GIVEN ENTRIES
^^^^

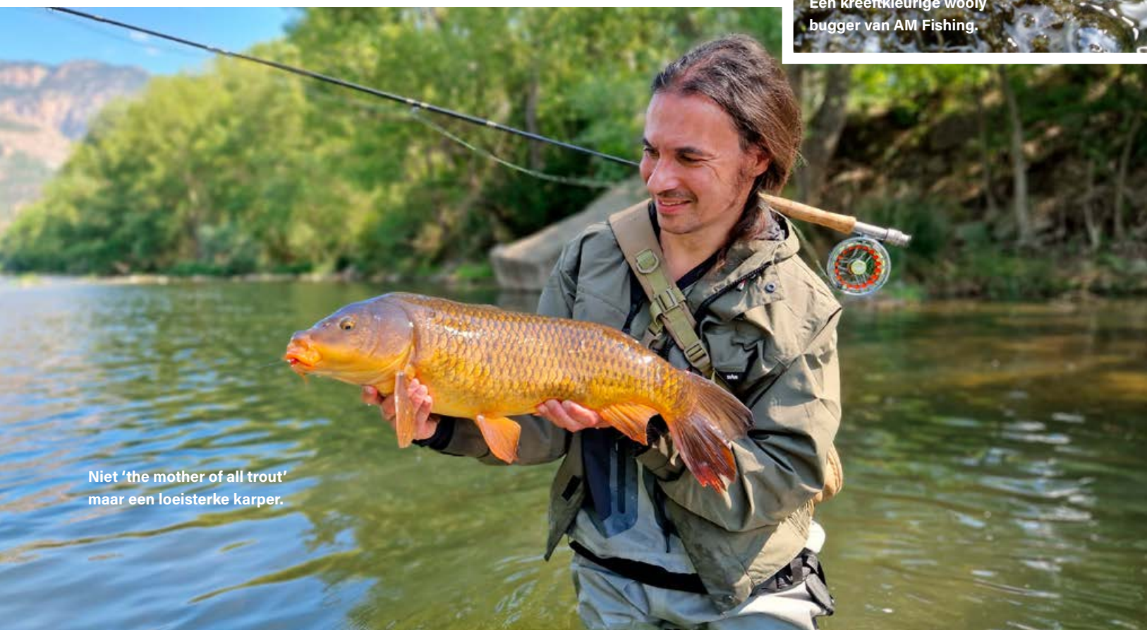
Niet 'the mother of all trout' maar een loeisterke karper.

^^^^

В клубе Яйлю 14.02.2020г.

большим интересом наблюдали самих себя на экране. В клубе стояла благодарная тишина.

^^^^

Copy out, from the data above, each line where the string "клубе" is present.

В клубе Яйлю 14.02.2020г.
большим интересом наблюдали самих себя на экране. В клубе стояла благодарная тишина.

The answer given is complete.